These words, excerpted from Met.
Kallistos Ware’s forward to God’s Many-Splendored Image, underscore Sister
Verna’s driving question behind her theological anthropological work on human
identity. She wants to address what it means to be human in a broken, modern
world—what it means to be psychosomatic,[1]
artistic, creative and relational creatures who are capable of both good and
evil through freedom of choice. Her book encapsulates over thirty years of
study in patristic and anthropological theology with insights gathered not only
from thinkers of the early church, but also from theologians and editors from
various leading Orthodox Christian seminaries in North America. The various chapters of her book center
around particular “splendors” possessed by human beings as created in the
divine image: freedom, virtues, dignity, embodiment,[2]

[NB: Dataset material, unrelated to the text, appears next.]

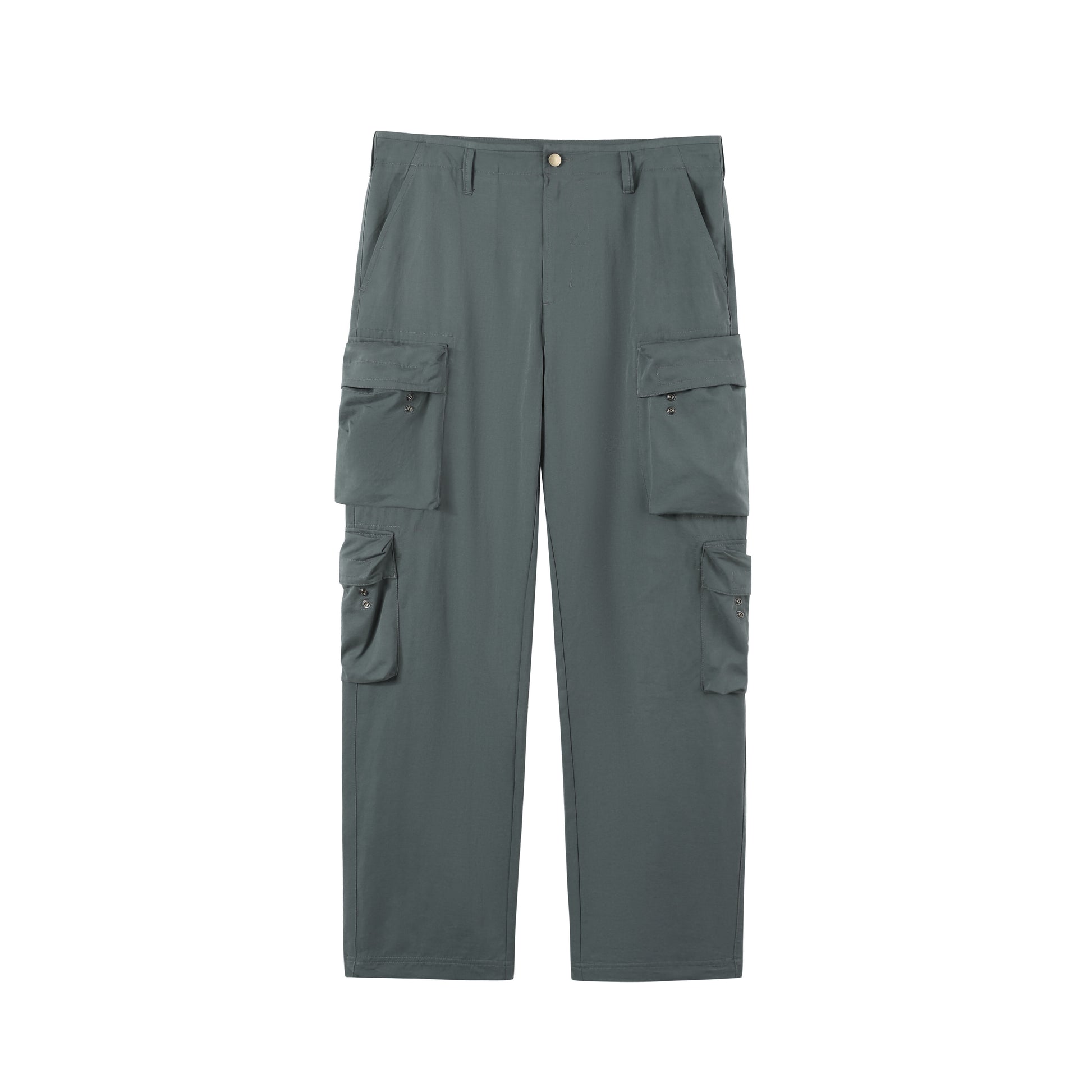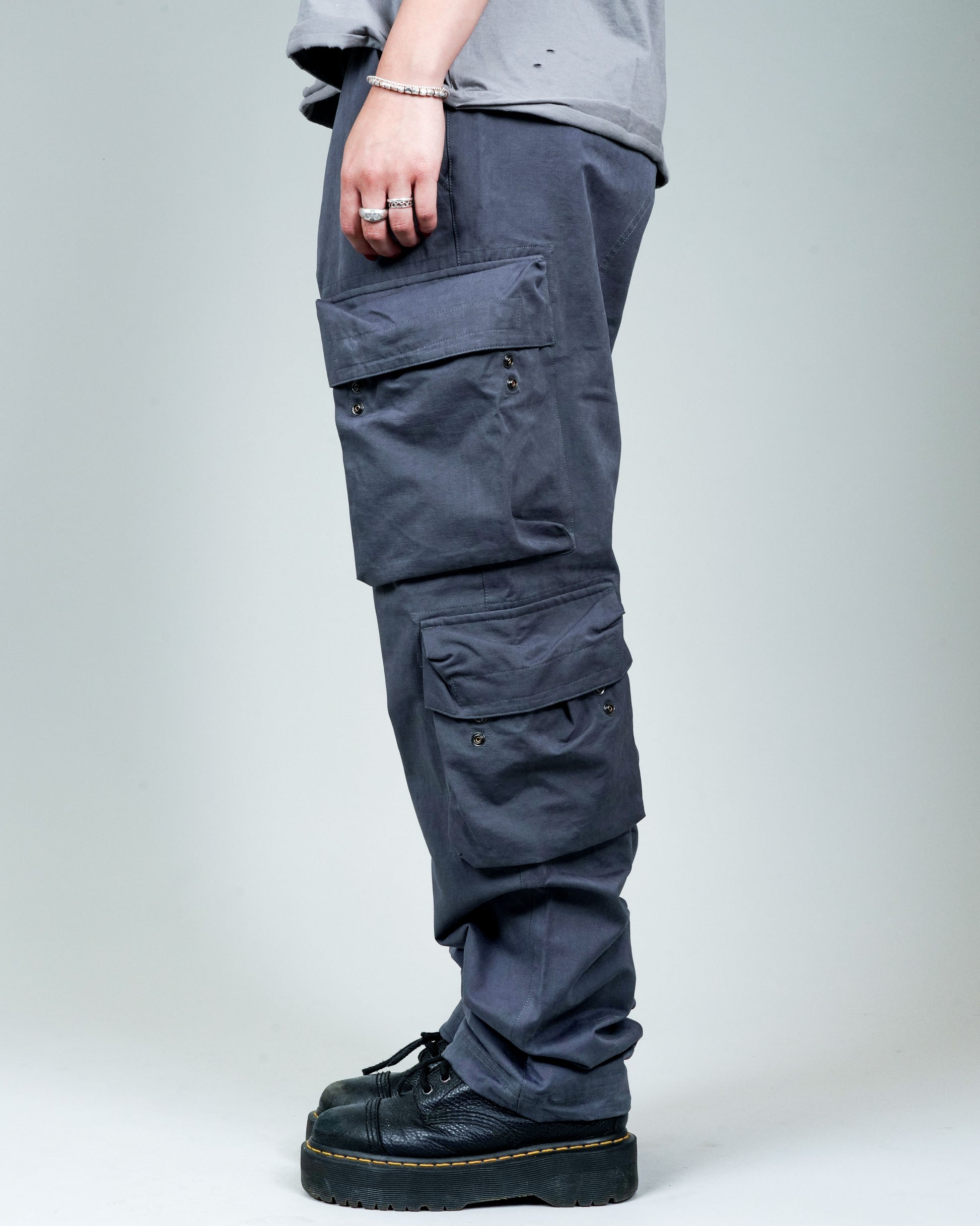 -Design features two large cargo pockets at each side, with slash side entry pockets at hip and snap button flap pockets at the rear.

relationship to nature, artistic and scientific creativity, community. At the
heart of these splendors, however, and at the heart of the human person is the
mind. The mind, for Sister Verna and many of the church fathers she discusses,
the human mind is what allows us to live up in accordance with the divine image
by which we have been imprinted. It is also, however, what makes us capable of
diverging from that image, and departing from the splendors of human
personhood.
Whereas
Sister Verna emphasizes the “splendorous” side of humanity, Father Mel takes
his point of departure from the very problem hinted at by her argument: the
discrepancy between our capacity for the divine fullness of identity on the one
hand, and the stark reality of human actions and motivations on the other.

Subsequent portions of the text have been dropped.